• Try it: Pictures in the listing below are skipped, while the lines from the "- Starting Location: Kairos" line through the "1957年 イギリス領セイロン 仏教2500周年" line are returned word for word.

• Extracted material:
------------------------------------------------------------------------
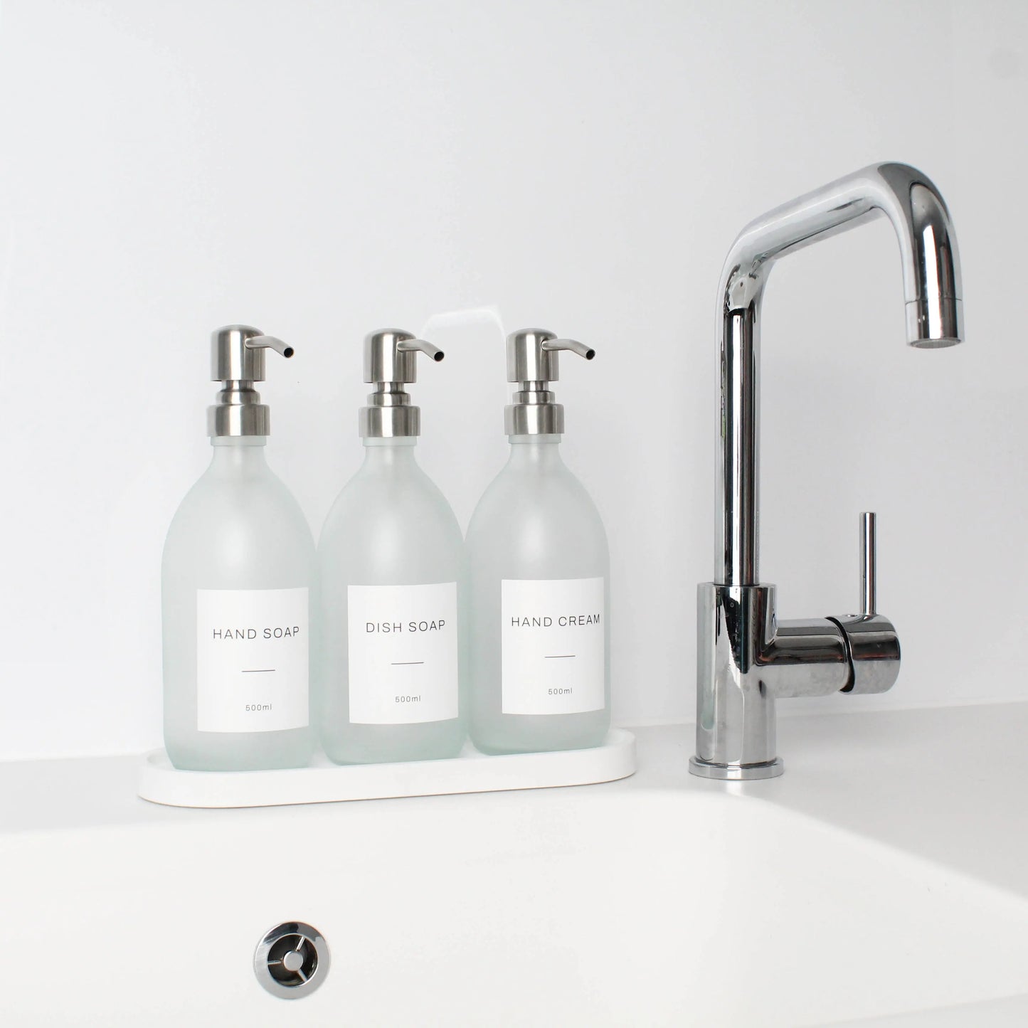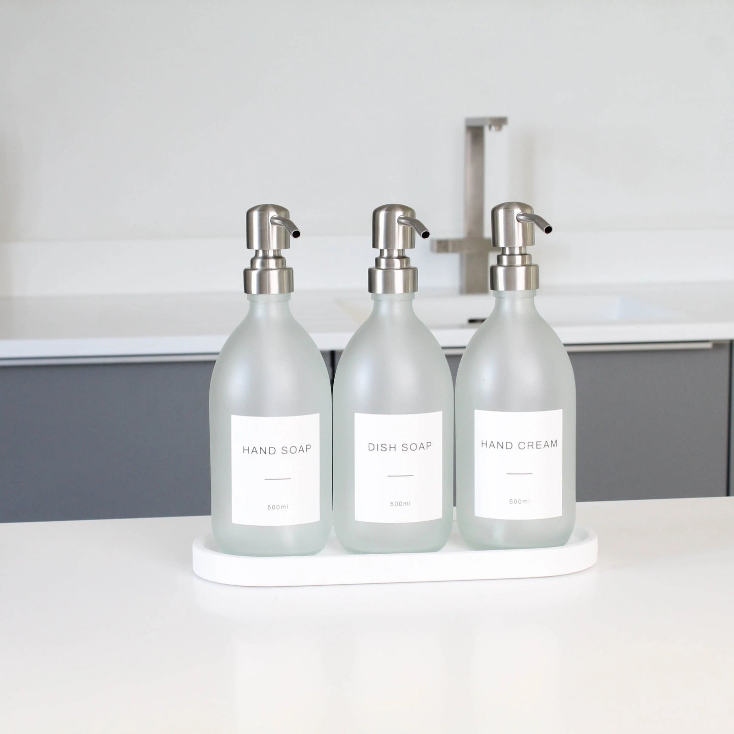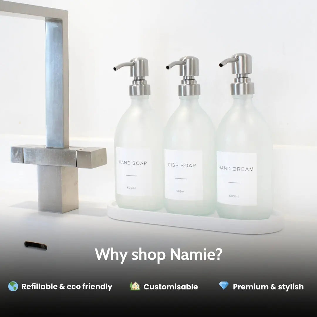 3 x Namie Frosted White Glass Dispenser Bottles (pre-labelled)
------------------------------------------------------------------------
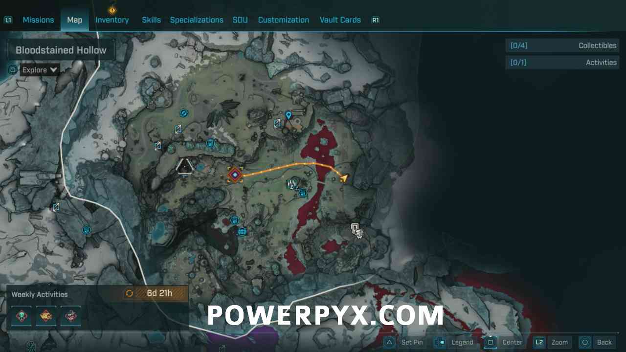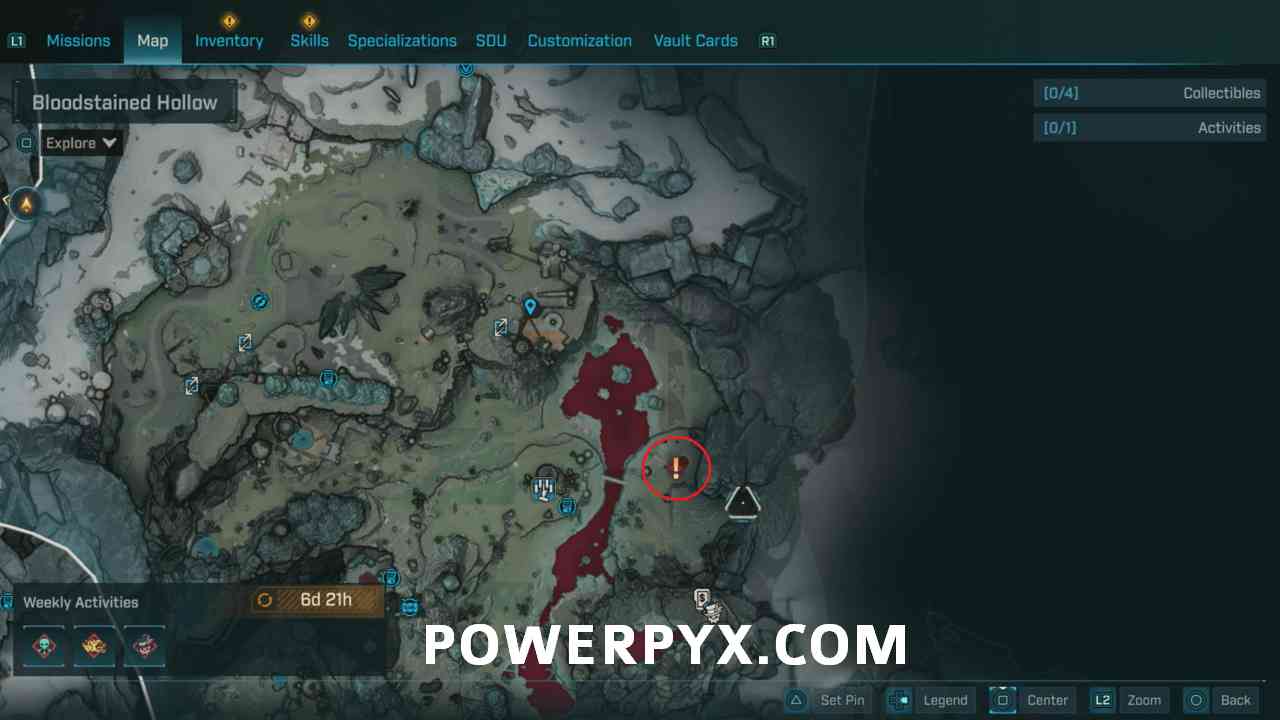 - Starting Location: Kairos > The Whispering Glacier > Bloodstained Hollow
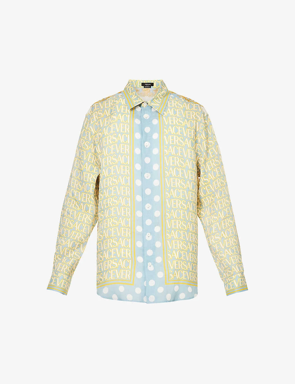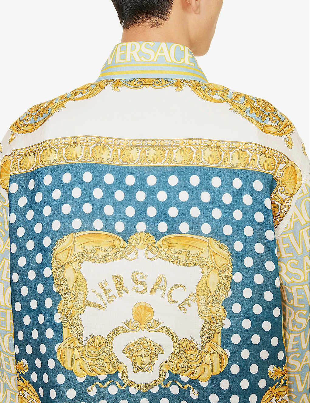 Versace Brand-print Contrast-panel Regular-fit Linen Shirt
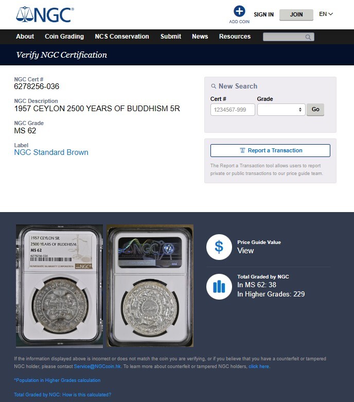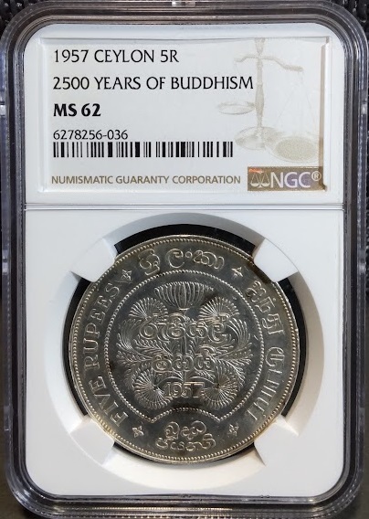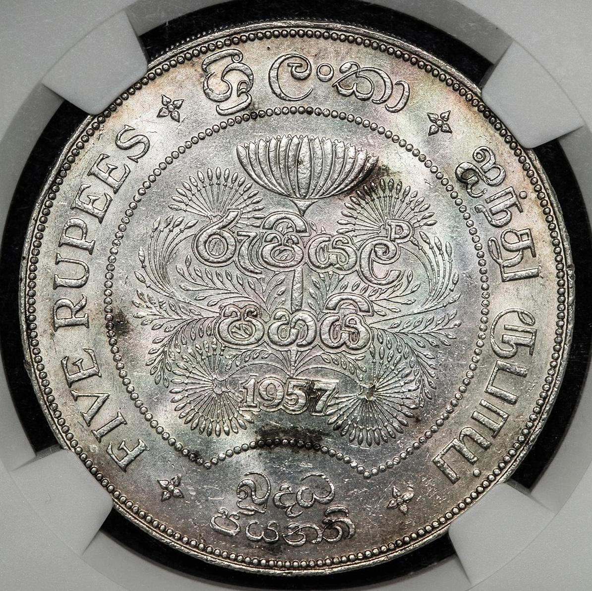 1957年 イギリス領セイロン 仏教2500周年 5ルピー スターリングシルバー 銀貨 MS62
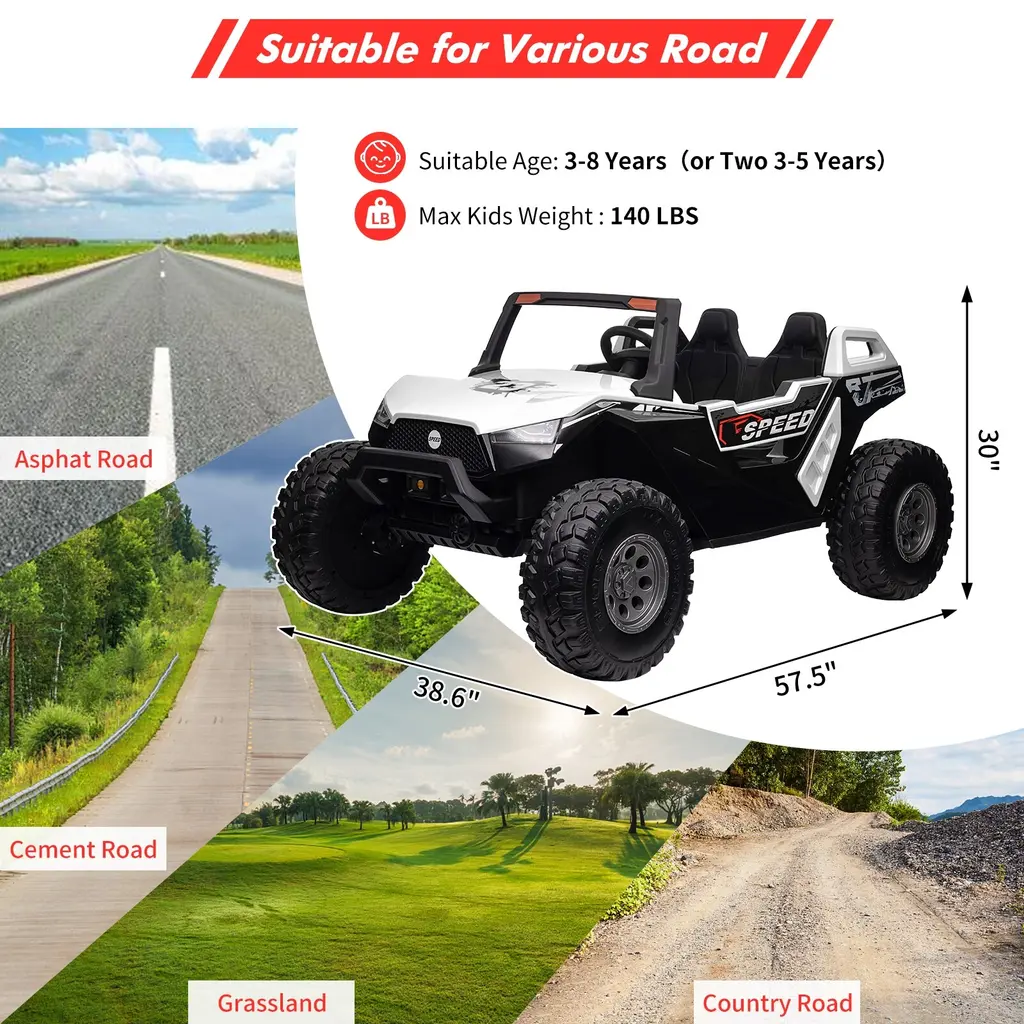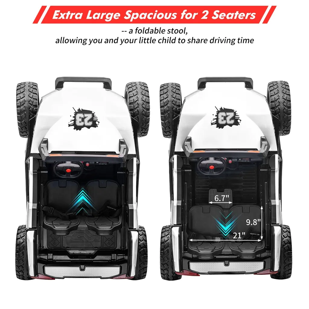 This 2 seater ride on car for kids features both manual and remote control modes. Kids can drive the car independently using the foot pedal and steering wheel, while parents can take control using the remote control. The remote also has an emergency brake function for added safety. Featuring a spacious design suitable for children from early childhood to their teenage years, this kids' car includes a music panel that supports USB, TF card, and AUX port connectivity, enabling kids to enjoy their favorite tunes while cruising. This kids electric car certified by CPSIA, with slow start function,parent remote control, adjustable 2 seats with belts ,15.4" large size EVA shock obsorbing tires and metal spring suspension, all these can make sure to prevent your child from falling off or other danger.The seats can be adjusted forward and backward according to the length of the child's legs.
------------------------------------------------------------------------
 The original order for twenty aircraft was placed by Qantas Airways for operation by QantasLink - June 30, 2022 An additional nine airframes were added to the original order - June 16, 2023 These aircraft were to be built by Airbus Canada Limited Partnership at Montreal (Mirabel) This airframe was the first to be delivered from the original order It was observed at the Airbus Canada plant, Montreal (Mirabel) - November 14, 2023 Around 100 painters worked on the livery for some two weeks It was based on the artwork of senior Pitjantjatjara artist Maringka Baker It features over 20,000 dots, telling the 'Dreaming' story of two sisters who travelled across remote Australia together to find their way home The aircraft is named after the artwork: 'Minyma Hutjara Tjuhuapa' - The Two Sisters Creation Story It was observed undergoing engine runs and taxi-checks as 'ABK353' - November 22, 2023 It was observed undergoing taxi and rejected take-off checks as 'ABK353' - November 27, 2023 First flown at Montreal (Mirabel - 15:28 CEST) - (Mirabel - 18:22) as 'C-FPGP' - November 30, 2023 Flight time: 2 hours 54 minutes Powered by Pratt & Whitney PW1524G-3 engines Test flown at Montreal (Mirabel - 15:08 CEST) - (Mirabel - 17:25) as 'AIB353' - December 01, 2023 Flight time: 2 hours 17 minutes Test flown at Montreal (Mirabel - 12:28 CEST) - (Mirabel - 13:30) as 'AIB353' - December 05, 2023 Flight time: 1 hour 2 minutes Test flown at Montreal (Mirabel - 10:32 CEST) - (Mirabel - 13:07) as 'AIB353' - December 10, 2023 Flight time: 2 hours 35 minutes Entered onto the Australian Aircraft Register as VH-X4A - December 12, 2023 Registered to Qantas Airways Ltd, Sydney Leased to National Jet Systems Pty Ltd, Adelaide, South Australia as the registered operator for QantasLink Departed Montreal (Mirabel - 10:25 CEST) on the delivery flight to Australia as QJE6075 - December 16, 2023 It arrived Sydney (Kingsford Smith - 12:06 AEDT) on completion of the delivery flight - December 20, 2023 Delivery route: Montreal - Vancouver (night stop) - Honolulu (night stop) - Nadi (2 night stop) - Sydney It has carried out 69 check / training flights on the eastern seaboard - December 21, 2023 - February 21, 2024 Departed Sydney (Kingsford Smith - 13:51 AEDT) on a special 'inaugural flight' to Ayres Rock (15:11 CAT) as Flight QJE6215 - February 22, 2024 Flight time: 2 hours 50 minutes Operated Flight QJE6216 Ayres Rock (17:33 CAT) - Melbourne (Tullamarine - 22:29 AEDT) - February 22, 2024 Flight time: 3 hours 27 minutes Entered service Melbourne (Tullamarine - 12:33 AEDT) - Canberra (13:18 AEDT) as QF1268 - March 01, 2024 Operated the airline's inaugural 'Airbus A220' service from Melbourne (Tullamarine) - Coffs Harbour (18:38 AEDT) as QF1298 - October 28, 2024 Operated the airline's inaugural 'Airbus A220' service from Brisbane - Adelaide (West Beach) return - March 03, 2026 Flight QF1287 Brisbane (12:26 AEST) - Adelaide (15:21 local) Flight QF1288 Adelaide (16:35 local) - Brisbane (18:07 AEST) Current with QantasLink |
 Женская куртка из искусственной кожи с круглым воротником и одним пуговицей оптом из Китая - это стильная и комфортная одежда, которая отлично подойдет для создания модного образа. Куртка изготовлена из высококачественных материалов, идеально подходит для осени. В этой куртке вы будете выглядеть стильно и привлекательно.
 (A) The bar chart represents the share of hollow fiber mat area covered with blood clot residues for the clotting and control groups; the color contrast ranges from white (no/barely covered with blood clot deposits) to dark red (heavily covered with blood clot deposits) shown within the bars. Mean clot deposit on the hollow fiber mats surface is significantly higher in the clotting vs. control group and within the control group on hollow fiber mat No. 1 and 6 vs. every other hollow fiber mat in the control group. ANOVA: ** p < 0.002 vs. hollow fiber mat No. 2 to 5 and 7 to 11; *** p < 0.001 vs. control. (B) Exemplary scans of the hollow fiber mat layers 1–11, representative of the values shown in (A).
------------------------------------------------------------------------
• Solution:
 - Starting Location: Kairos > The Whispering Glacier > Bloodstained Hollow
 Versace Brand-print Contrast-panel Regular-fit Linen Shirt
 1957年 イギリス領セイロン 仏教2500周年 5ルピー スターリングシルバー 銀貨 MS62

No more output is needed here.